REQUIREMENT: Nothing but the lines from the one holding "ファンタジー風あだ名 | 『タキフェル』『エターナルタキナオミー』 |" to the final line of the listing below, both included, should be repeated, and each must match exactly. Omit pictures.

RECORD EXTRACTS:
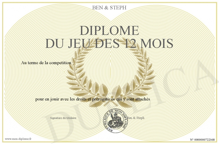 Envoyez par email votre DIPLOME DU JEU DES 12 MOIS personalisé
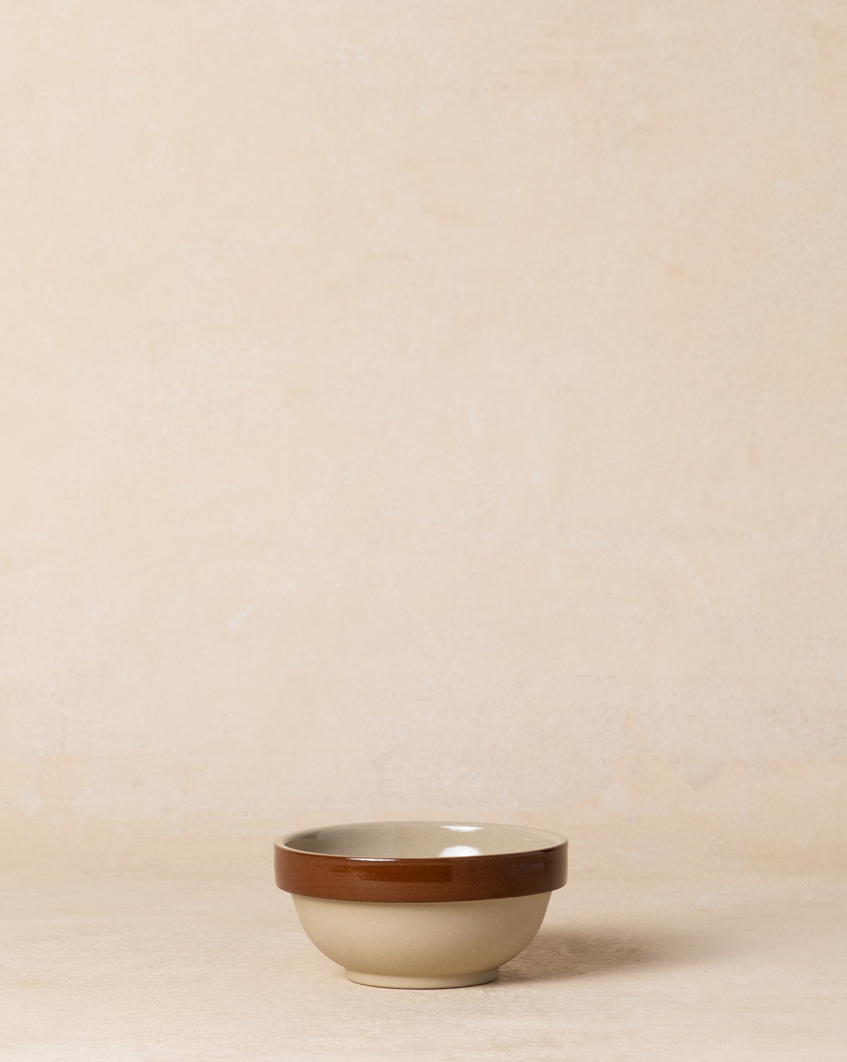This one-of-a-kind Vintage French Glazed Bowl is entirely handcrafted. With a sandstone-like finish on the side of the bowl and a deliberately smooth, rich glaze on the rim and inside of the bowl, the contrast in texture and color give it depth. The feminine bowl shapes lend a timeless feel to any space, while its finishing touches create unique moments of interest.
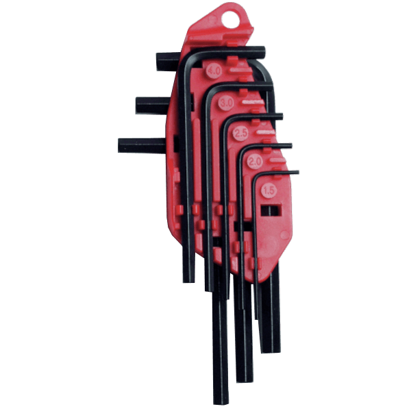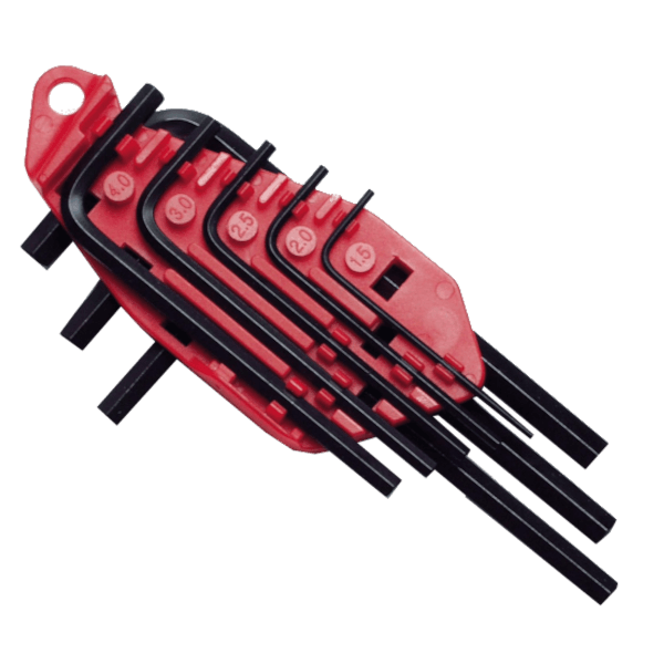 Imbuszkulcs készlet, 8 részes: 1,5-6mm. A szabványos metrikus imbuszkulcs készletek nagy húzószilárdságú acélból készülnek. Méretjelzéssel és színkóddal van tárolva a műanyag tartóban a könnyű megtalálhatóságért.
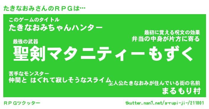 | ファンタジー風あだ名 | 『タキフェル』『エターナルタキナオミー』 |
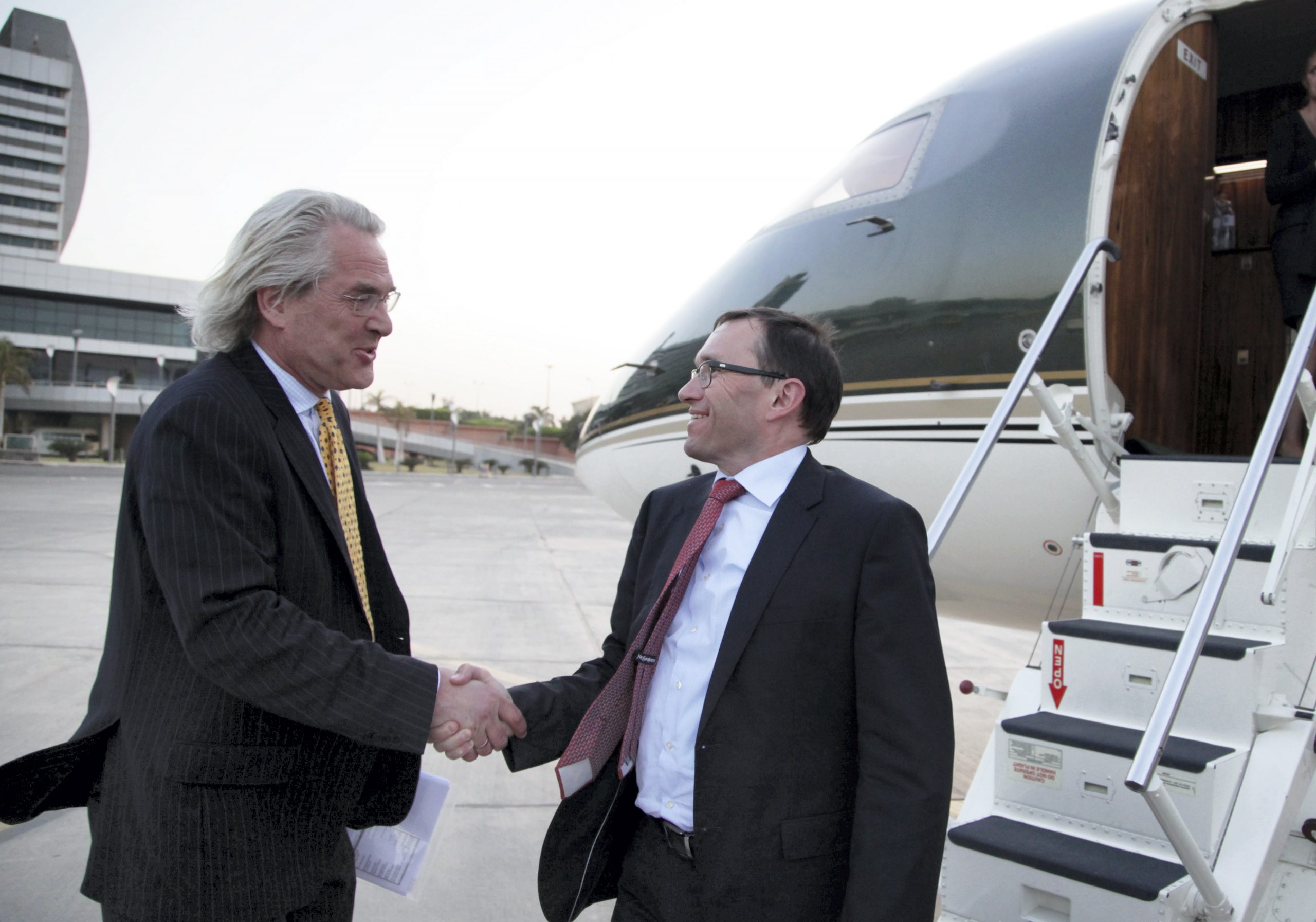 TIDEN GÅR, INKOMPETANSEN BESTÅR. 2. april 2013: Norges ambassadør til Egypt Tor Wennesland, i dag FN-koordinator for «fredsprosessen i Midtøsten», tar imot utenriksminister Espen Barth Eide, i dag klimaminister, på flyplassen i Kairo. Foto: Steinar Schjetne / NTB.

WRITTEN ANSWER:
 | ファンタジー風あだ名 | 『タキフェル』『エターナルタキナオミー』 |
 TIDEN GÅR, INKOMPETANSEN BESTÅR. 2. april 2013: Norges ambassadør til Egypt Tor Wennesland, i dag FN-koordinator for «fredsprosessen i Midtøsten», tar imot utenriksminister Espen Barth Eide, i dag klimaminister, på flyplassen i Kairo. Foto: Steinar Schjetne / NTB.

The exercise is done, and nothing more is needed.